Today’s guest picture comes from my brother Andrew, who thought that this picture of the fernery at York on a rainy day might interest me after my fern walk with Mike a few  days ago.  He was right.  It interested Mike too.

fernery York

We had another cool and windy day here, with occasional heavy showers.  I had to go up to the Moorland Feeders as a fill in feeder filler for Sandy, who is sunning himself by the beach somewhere far to the south (lucky chap).

There were not many birds about so I enjoyed some of the tree features…

laverock hide trees

..until a few birds turned up.

pheasant

woodpecker

Maybe the very brisk wind which you can see ruffling this siskin’s feathers had put the birds off…

blowy siskin

…but it certainly put me off and as Mrs Tootlepedal hadn’t seen anything interesting in the raptor line as she scanned the hillside, we went home…

…where it soon started raining.

busy feeder in the rain

However, it is April so the showers were intermittent and I got out into the garden from time to time.

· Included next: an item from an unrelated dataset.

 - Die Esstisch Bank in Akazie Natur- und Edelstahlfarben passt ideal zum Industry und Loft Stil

The tulips are punctuating the daffodils with spots of colour…

tulips and affodils

…and standing alone too.

red tulips

In the pond many tadpoles and snails are to be seen.

tadpole and snail in pond

Mrs Tootlepedal has been trying to find out where the pond is leaking as it has been losing water whenever it stops raining lately.  She has done some serious detective work and today, she added some practical digging and stone shifting and she thinks that she has cracked the problem.

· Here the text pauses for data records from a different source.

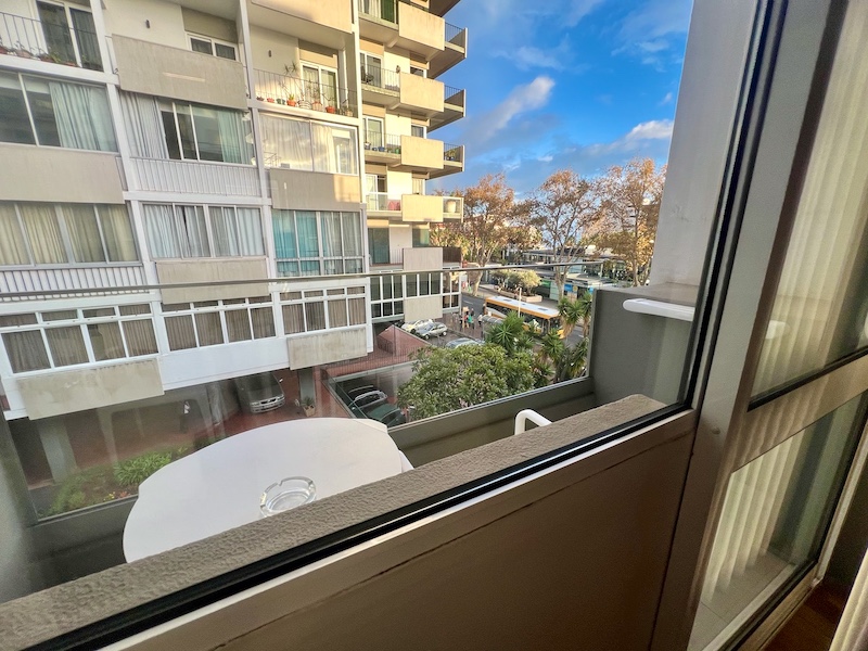 バルコニーもあります。眺望は、隣の建物ビューでイマイチですが、洗濯物を干すラックがあり、地味に助かりました。天候によると思いますが、冬は部屋の中の方が乾きやすいかも。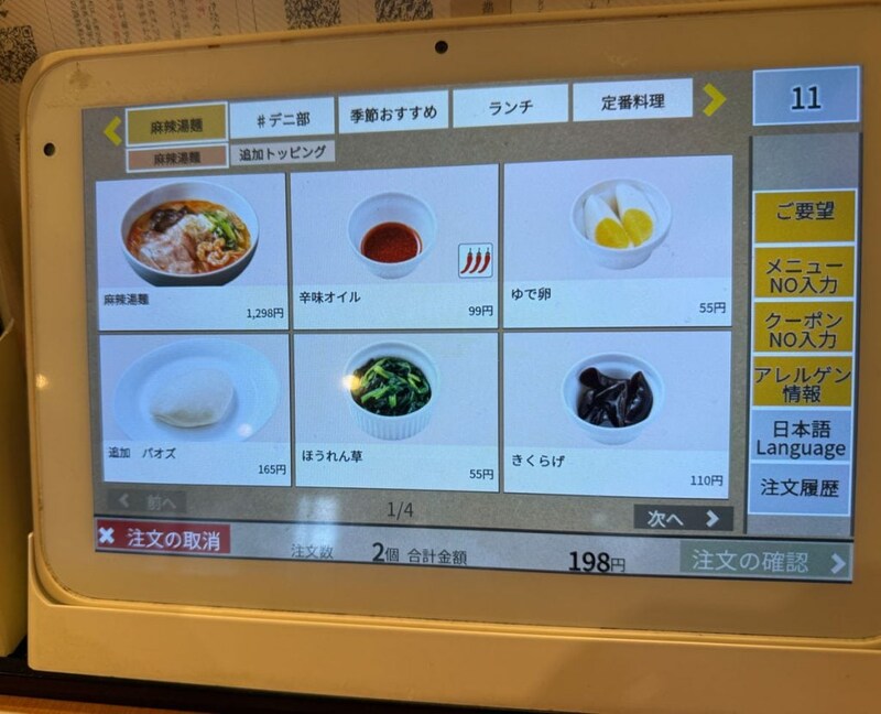 麺は「マロニー」もしくは「中華麺」を選べる。辛さも辛みオイルを追加することで3辛までOKのようである。今回はマロニーをチョイス、辛さはノーマルで。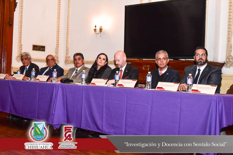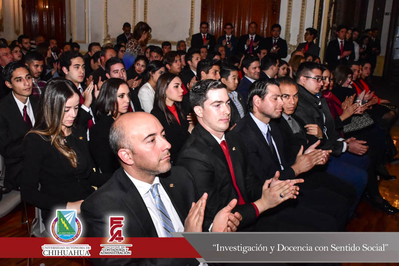 El pasado 30 de enero, en el Centro Cultural Universitario Quinta Gameros se llevó a cabo la toma de protesta a la nueva mesa directiva del Instituto Mexicano de Ejecutivos de Finanzas I.M.E.F. Chihuahua 2018, evento que contó con la presencia del M.F. Luis Raúl Sánchez Acosta, Director de Facultad de Contaduría y Administración en representación del M.E. Luis Alberto Fierro Ramírez, Rector de la Universidad Autónoma de Chihuahua, la C.P.C. Patricia Terrazas Baca, Directora General de Ingresos de la Secretaría de Hacienda en representación del Lic. Javier Corral Jurado, Gobernador Constitucional del Estado de Chihuahua, el Ing. José Manuel Contreras Lomelí, Vicepresidente Nacional del I.M.E.F., el C.P. Jorge Julio Ortíz Blanco, Presidente saliente del I.M.E.F., el M.F. Carlos Rafael Grado Salayandia, Presidente entrante, el L.E. Luis Pedro Uranga Rohana, Presidente del Colegio de Economía, el Lic. Ricardo Boone Salmón, Presidente de la Cámara de Radio y T.V., el M.E. Jorge Alberto Córdova Chávez, Administrador desconcentrado de recaudación de Chihuahua del S.A.T, así como las mesas directivas del I.M.E.F. Universitario de la U.A.CH., I.T.E.S.M. y la U.L.SA.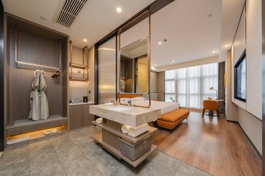 酒店很新,到周边风景区旅游很便捷。昨晚预定的颐居家庭房免费升级为景观家庭房,面积更大,楼层更高,视野开阔,住得很舒心。今日早餐很丰富,前台很热情,有一种宾至如归的幸福。值得下次再选择。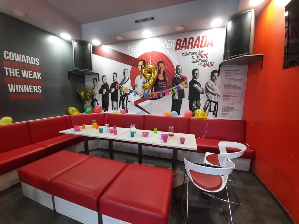 ŠPORTNI CENTER BARADA pravi naslov za vas. Naši animatorji poskrbijo za pester športni program in odlično pogostitev za slavljenca in njegove prijatelje. V tem času ste starši vljudno vabljeni, da se udobno namestite v našem gostinskem lokalu in uživate v prostem času, ki ga imate v času praznovanja na voljo.

I took pictures of euphorbia and muscari to show the contrast mixture of  rain and sun we had today…

euphorbia and muscari

…for which a couple of tulips provided corroborative evidence.

tulips with rain drops

I found my daffodil of the day….

daffodil

…and then went upstairs to take a couple of general views of the garden.  Here is the front  lawn and its surrounding beds…

view of front lawn

..and here is the middle lawn with a glimpse of the vegetable garden to the right.

view of garden

It doesn’t look bad considering the miserable spring  we have had so far.

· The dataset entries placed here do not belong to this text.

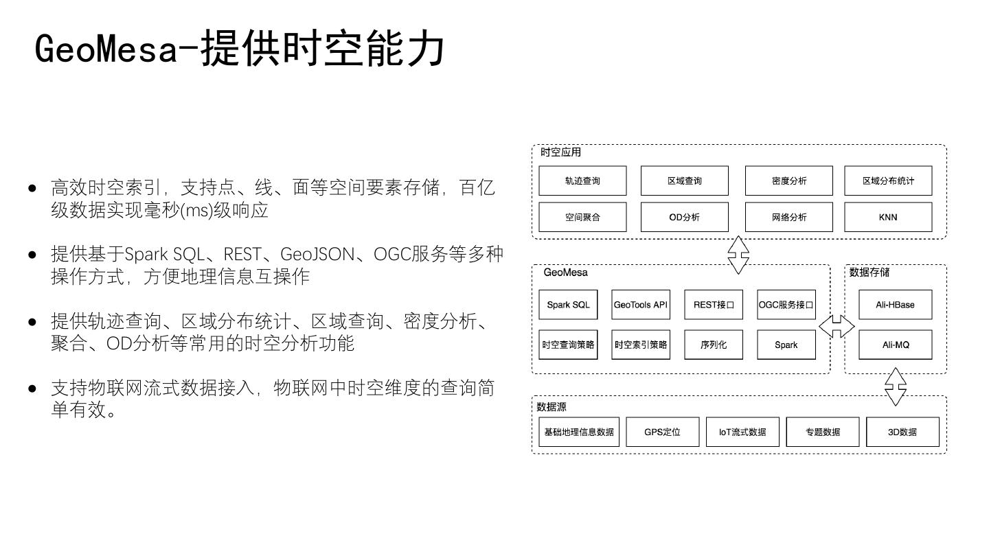 7 .GeoMesa-提供时空能力 高效时空索引,支持点、线、面等空间要素存储,百亿 级数据实现毫秒(ms)级响应 提供基于Spark SQL、REST、GeoJSON、OGC服务等多种 操作方式,方便地理信息互操作 提供轨迹查询、区域分布统计、区域查询、密度分析、 聚合、OD分析等常用的时空分析功能 支持物联网流式数据接入,物联网中时空维度的查询简 单有效。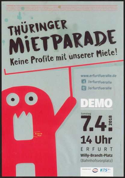 Das selbstgezeichnete Plakat ruft zu mehreren Aktionen am 13.10.2017 auf dem Inselplatz in Jena auf. Diese Aktionen stehen am unteren Rand des Plakats: "Umzug, Sokü, Freemarket, deine Ideen". Zusätzlich soll es auch eine Demo geben, was am oberen Rand des Plakts geschrieben steht. Auf dem Plakat ist der Jenaer Inselplatz gemalt, mit dem alternativen Wohnprojekt Insel, welches sich zu der damaligen Zeit auf dem Platz befand. Aus diesem Haus geht eine Sprechblase hervor mit "Jena braucht mehr INSELN". Im letzten Wort sind die Buchstaben N mit einem Pfeil geschrieben, ein Symbol vom Hausbesetzer*innen. Im Hintergrund sind noch einige Häuser zusehen u.a. der Jentower. Außerdem kommt von rechts ein Bagger auf den Inselplatz gefahren. Das zeigt auch den Hintergrund des Protests, denn der das Wohnhaus sollte abgerissen werden und der Inselplatz zu einem Uni-Campus werden.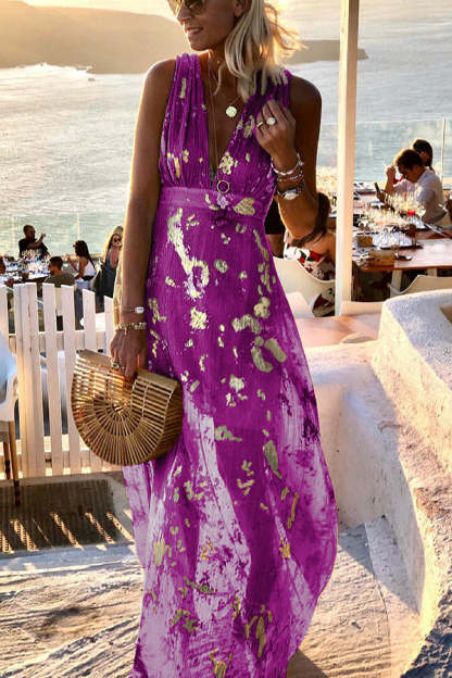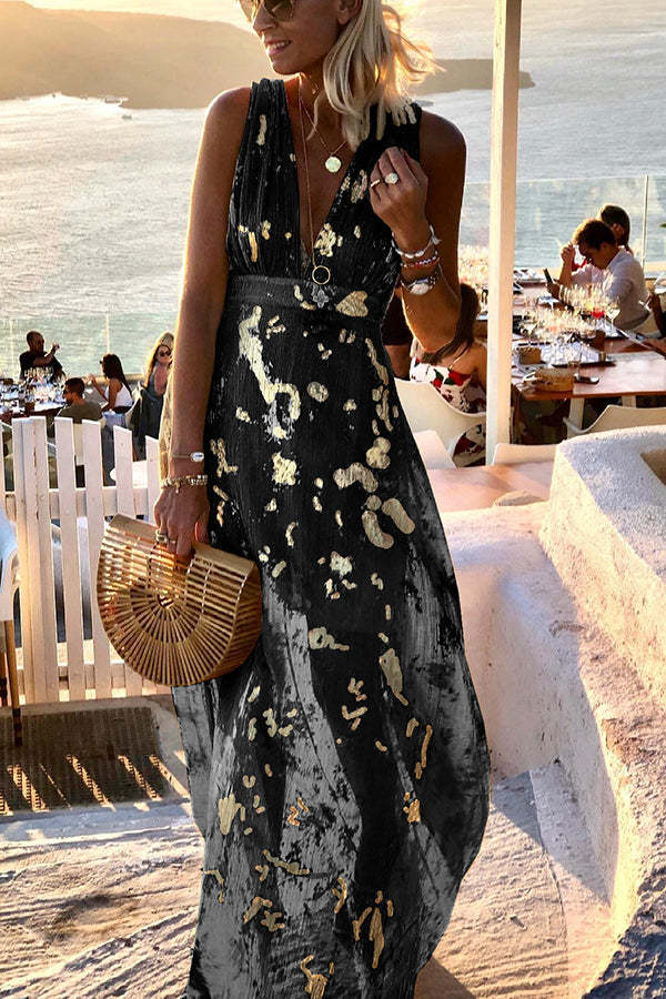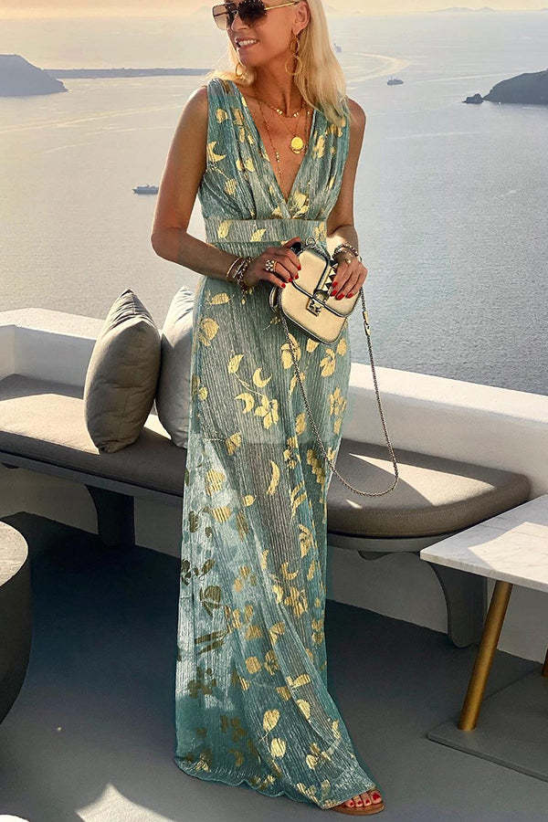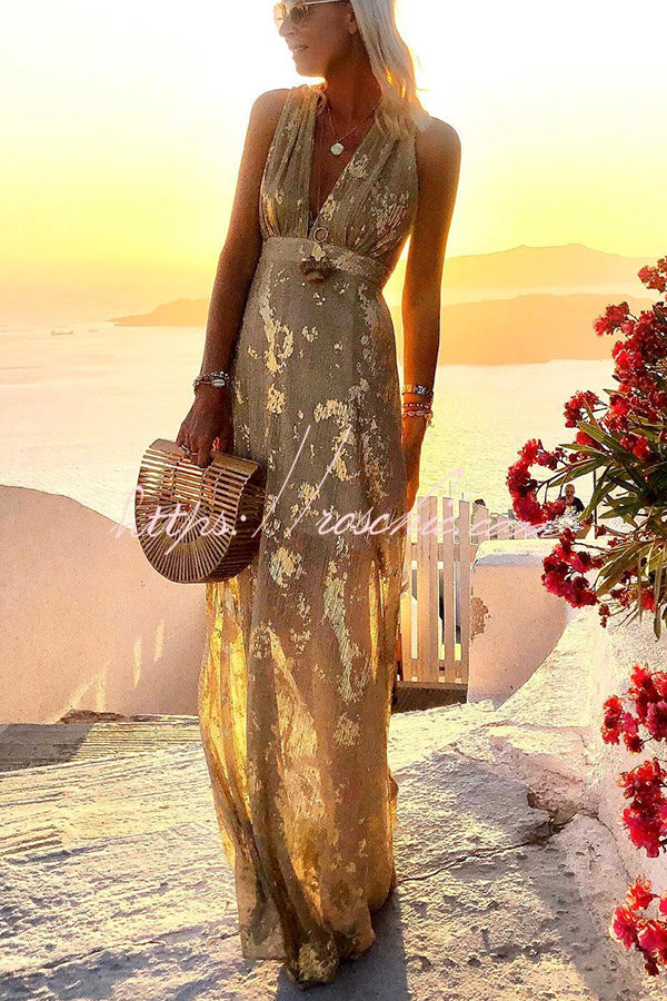 Golden Sunset Sequin Stories V-neck Maxi Dress

The blackbirds still seem to be busy nesting and the female had come out for a break.

blackbird

I made some soup for lunch and then we set off (through an horrendously heavy shower) for Lockerbie (where it wasn’t raining) to catch the train to Edinburgh to see Matilda and her parents.

I like to stretch my legs on the platform after the drive over and before catching the train and I always enjoy the infinite geometry of railway lines.

Lockerbie station

Our  trip to Edinburgh went well.  We caught a glimpse of the alternative grandparents and then turned some dough which Matilda had made with her other granny into bread rolls, enjoyed some football cards  and had a very tasty meal of home made pizza  before setting off to come home.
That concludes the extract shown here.